Sara has asked for the wisdom of the Perl Monks concerning the following question:

This node falls below the community's minimum standard of quality and will not be displayed.

Replies are listed 'Best First'.
Re: parse
by DamnDirtyApe (Curate) on Jul 24, 2002 at 20:03 UTC

    This is quite an elementary problem; I'd like to see what you're previous attempts look like before I post mine.
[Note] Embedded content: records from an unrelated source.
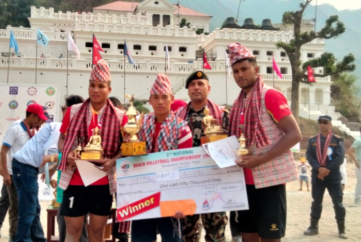 पाल्पाको रानीमहलमा संचालित राष्ट्रिय पुरुष बिच भलिबल प्रतियोगिताको उपाधि त्रिभुवन आर्मी क्लबले जितेको छ ।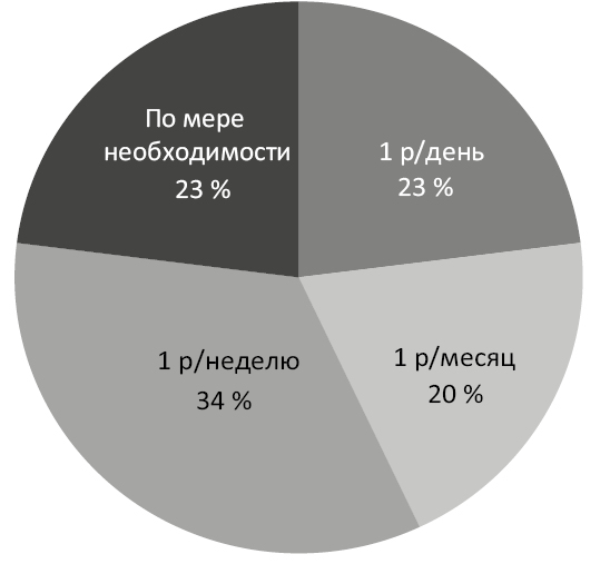 Из 4 предложенных вариантов на вопрос о частоте обращений в процессе повседневной деятельности к основному нормативному документу, регламентирующему деятельность по фармаконадзору на территории Евразийского экономического союза [2], ответы распределились равномерно (рис 7). В любом случае все сотрудники системы фармаконадзора в своей обычной деятельности регулярно обращаются к нормативным правовым документам. Это объясняется тем, что объем информации в системе фармаконадзора достаточно большой, поэтому для недопущения ошибок разумно сверяться с документом.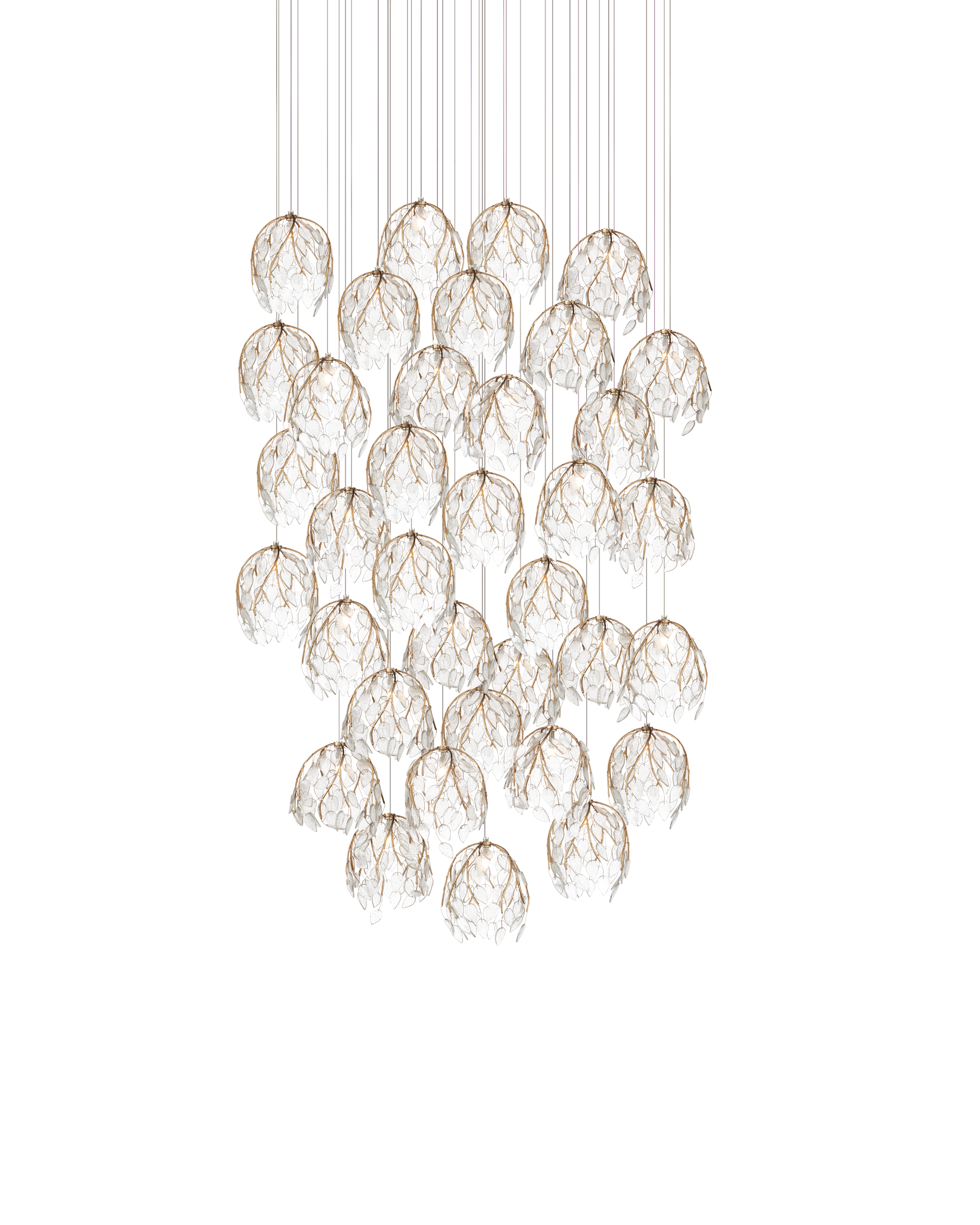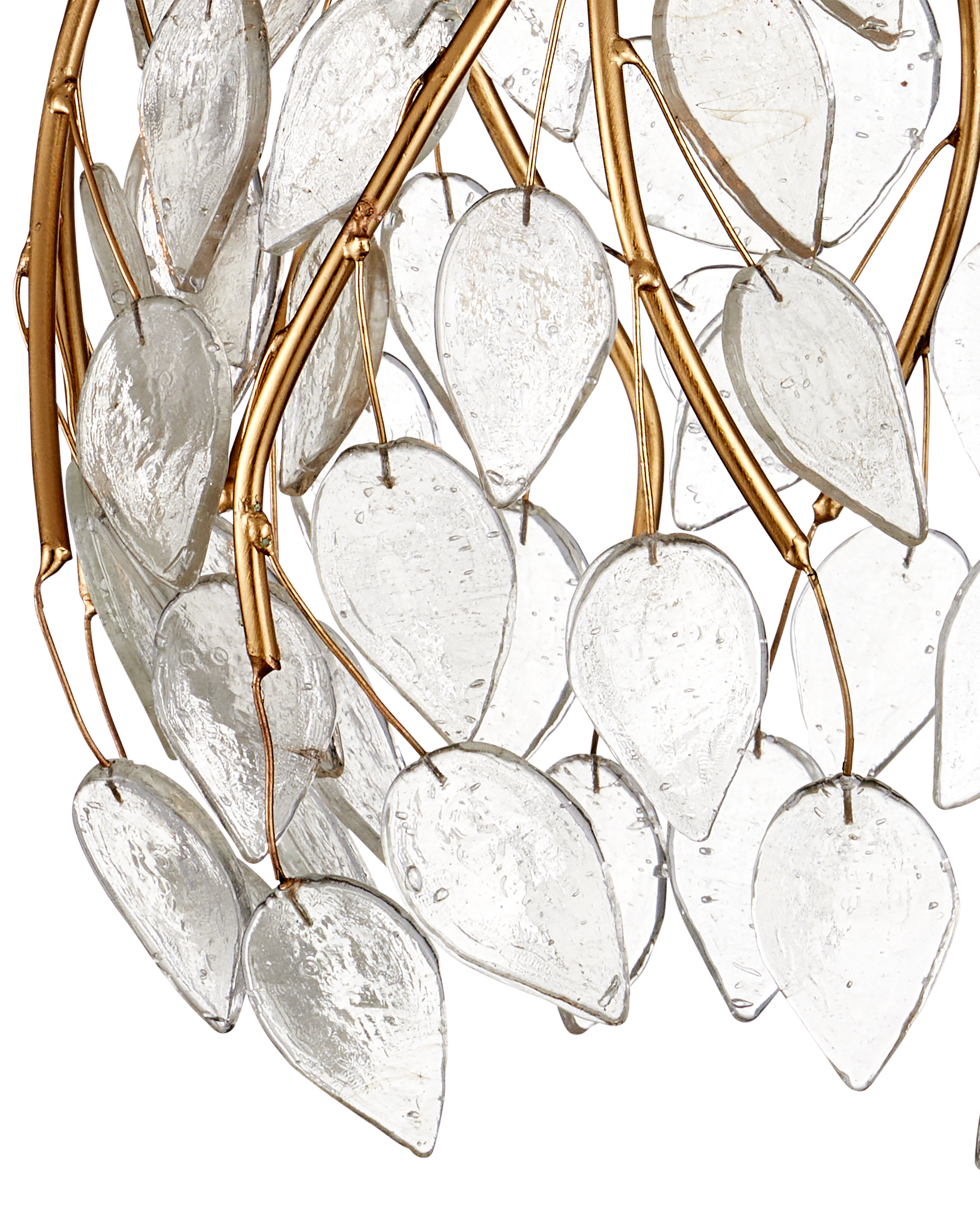 The Currey & Company Banyan 36-Light Round Multi-Drop Pendant has shades like gold twisting branch forms that holds clear glass leaves.

If you're stuck for a starting point, try implementing this pseudocode is Perl.

    While there are lines of input Skip this line unless it looks like data (not headers) Split the line into the two relevant sections Extract the filename from the file path.

    _______________
    D a m n D i r t y A p e
    Home Node | Email
Re: parse
by silent11 (Vicar) on Jul 24, 2002 at 20:09 UTC
Re: parse
by mp (Deacon) on Jul 24, 2002 at 20:02 UTC
    #! /usr/local/bin/perl -w #----------------------------------------------- use strict; use warnings; while(<>) { next unless m/ ^(\d+) # Match the number \s+ # Match spaces after number \S+? # Minimally match path ([^\/]+)$ # Match everything after the last slash /x; my ($linesOfCode,$filename)=($1,$2); # Access captured text print "$linesOfCode, $filename\n"; }
Re: parse
by neilwatson (Priest) on Jul 24, 2002 at 20:03 UTC
    #!/bin/perl -w use strict; use warnings; my ($filename, $lineOfCode); open (FH, "filename.txt")|| die "could not open filename.txt"; while (<FH>){ if (m/^(\d+)\s/){ $lineOfCode = $1; } if (m/\/(\w+\.?\w*)$/){ $filename = $1; } }

    If there are many lines that you wish to save then you'll have to use an array instead for $filename and $lineOfCode.

    Neil Watson
    watson-wilson.ca

      Actually, there's a finer point of regular expressions at work against this perl code. It is as follows:

      if (m/\/(\w+\.?\w*)$/){ $filename = $1; }

      The assumption here is that the first "\/" means a literal forward slash, then the (\w+\.?\w*)$ means "some word characters, followed by (possibly) a literal period, followed by 0 or more word characters, then the end of line.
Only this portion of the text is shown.